> Exercise prompt
Your output should be the lines below from the one with "Illinois Governor George H. Ryan" through the one with "FIGURE 2 Refugee", copied exactly, pictures excluded.

>>>>

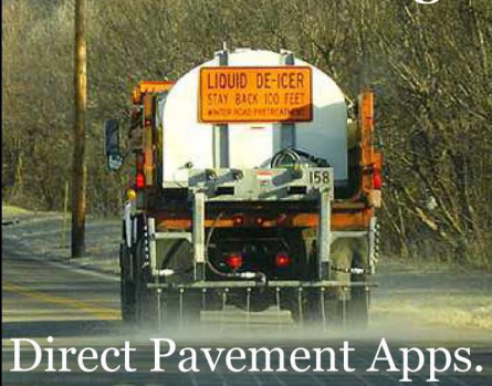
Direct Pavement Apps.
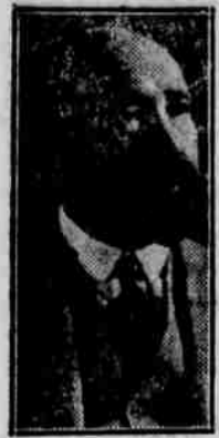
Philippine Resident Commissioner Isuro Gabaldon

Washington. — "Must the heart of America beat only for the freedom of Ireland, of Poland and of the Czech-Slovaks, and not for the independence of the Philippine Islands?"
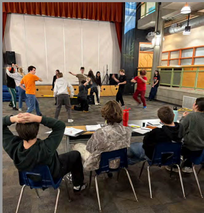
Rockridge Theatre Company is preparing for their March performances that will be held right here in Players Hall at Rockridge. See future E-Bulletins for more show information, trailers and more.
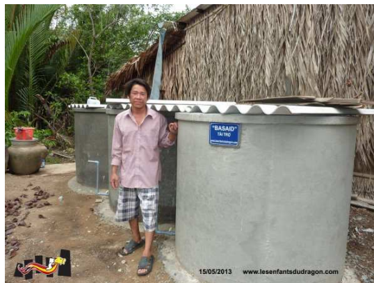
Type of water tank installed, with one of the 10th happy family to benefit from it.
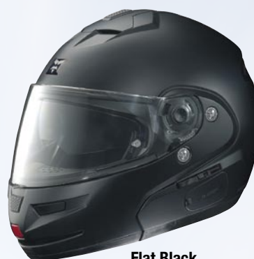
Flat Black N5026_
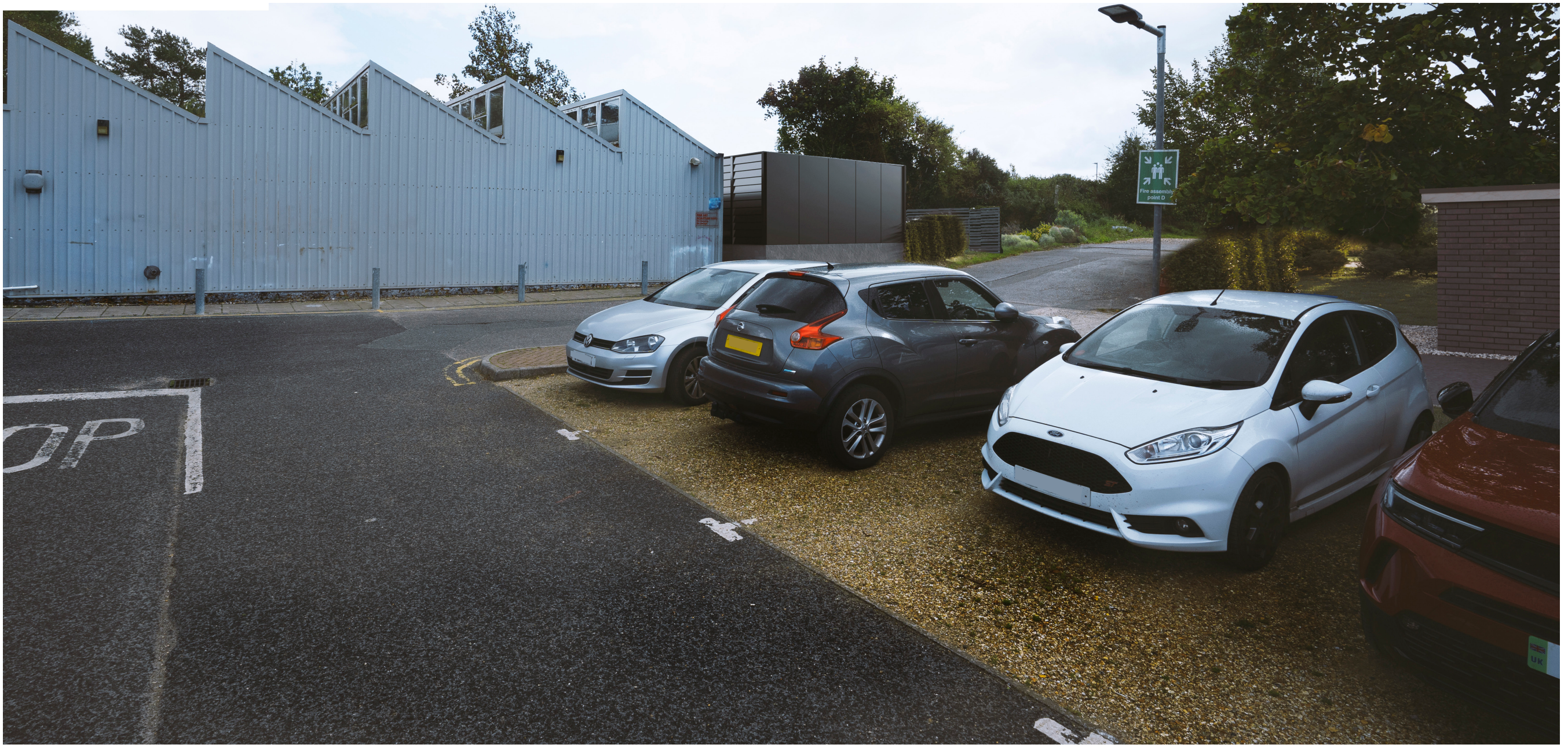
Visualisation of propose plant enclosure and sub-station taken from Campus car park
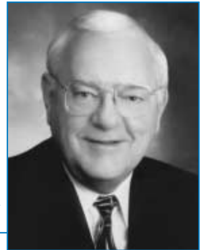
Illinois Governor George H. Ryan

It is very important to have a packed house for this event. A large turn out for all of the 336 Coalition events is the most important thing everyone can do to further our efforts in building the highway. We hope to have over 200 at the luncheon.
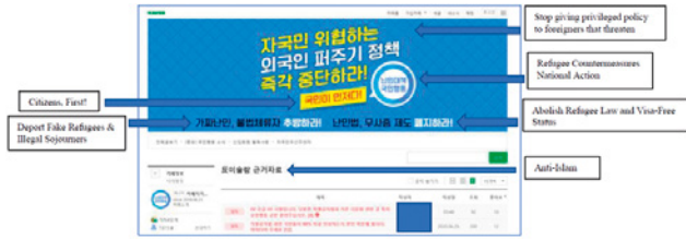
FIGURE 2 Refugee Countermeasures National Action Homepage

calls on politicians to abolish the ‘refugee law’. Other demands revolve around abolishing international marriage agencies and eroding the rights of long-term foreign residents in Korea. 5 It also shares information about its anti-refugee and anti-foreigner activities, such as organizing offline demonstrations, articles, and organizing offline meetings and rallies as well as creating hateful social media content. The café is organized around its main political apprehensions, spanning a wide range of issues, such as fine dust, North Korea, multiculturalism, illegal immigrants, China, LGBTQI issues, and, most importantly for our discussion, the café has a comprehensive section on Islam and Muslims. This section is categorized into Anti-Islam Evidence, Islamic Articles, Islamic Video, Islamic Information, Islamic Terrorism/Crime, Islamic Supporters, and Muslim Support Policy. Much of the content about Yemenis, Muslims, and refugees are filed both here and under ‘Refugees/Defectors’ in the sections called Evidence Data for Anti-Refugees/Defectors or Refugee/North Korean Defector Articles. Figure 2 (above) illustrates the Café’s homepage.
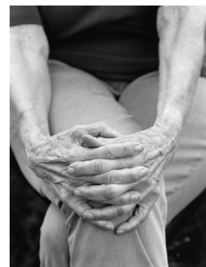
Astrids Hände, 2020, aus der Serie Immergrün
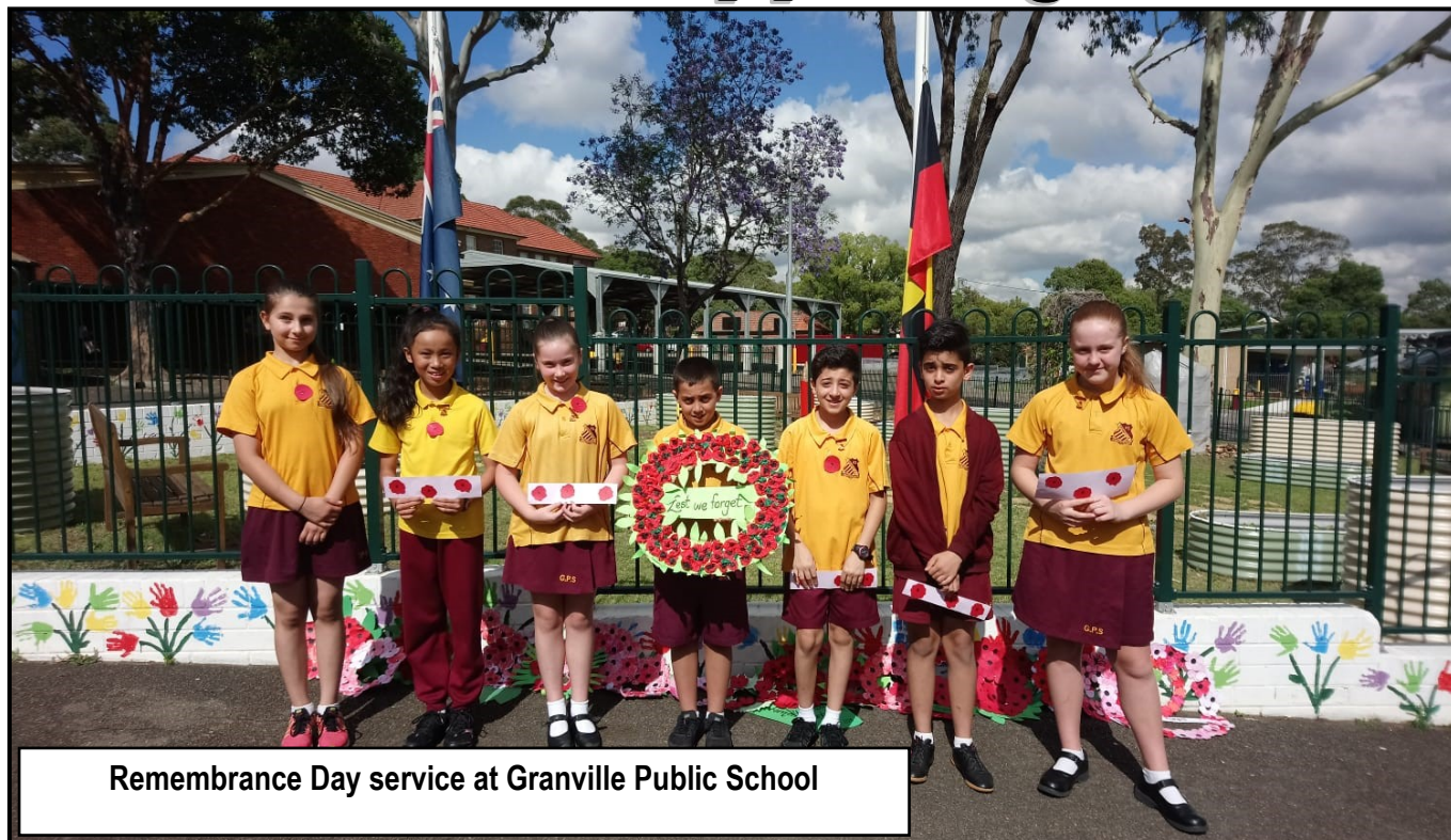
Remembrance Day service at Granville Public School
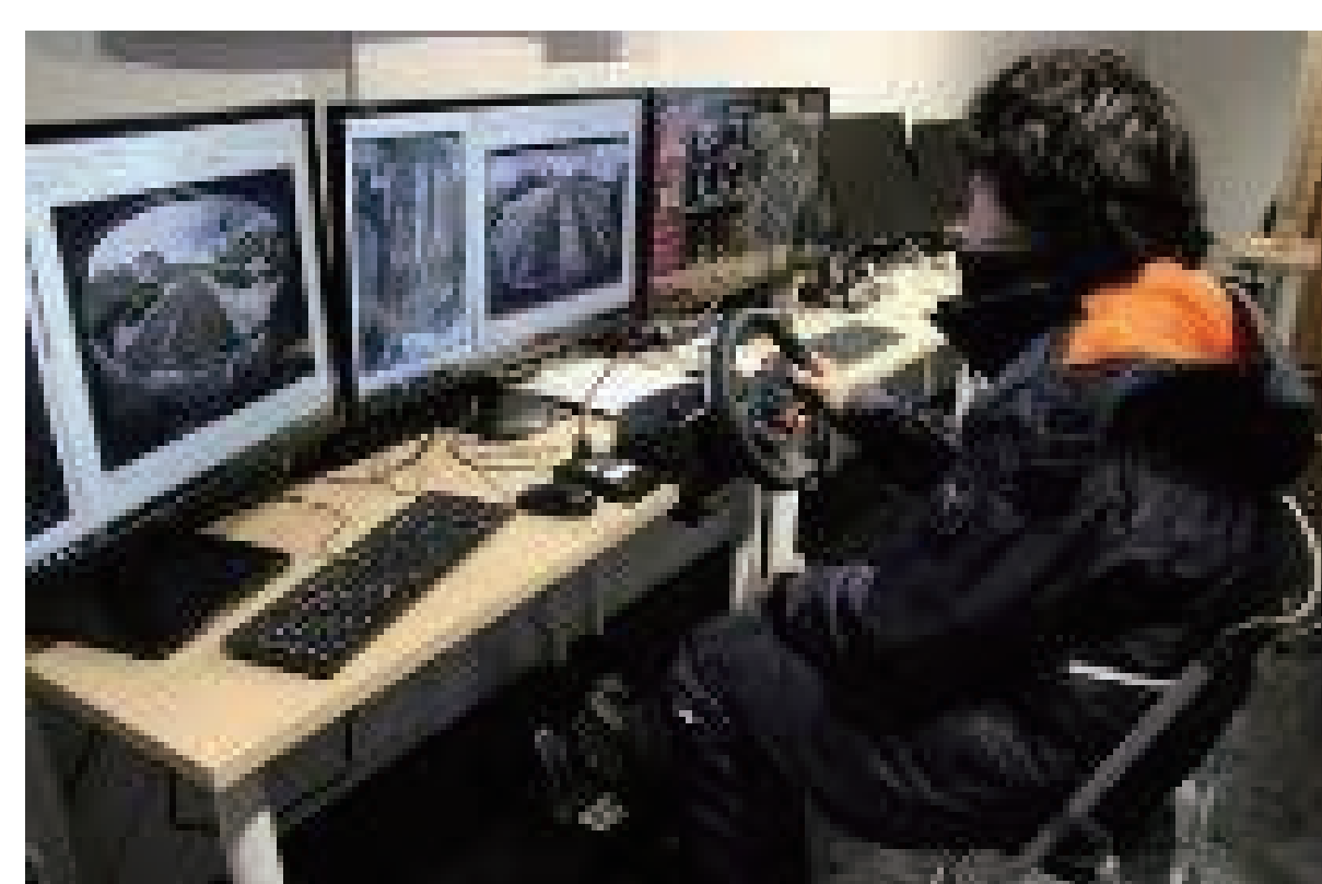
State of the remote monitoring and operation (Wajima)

<<<<
>>>>

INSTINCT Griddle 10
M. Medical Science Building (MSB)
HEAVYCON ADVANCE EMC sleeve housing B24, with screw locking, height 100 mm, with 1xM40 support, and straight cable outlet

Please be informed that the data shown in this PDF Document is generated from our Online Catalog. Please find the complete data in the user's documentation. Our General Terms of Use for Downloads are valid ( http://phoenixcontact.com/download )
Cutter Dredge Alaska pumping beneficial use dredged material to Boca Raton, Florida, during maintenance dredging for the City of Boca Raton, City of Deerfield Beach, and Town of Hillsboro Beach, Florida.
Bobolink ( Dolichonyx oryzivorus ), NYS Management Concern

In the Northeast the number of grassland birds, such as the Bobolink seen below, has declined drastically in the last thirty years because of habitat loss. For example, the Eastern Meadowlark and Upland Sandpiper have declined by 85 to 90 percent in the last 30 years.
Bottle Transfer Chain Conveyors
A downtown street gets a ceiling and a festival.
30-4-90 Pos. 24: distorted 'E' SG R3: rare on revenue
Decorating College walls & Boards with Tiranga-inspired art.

<<<<

> Completed exercise
Illinois Governor George H. Ryan

It is very important to have a packed house for this event. A large turn out for all of the 336 Coalition events is the most important thing everyone can do to further our efforts in building the highway. We hope to have over 200 at the luncheon.
FIGURE 2 Refugee Countermeasures National Action Homepage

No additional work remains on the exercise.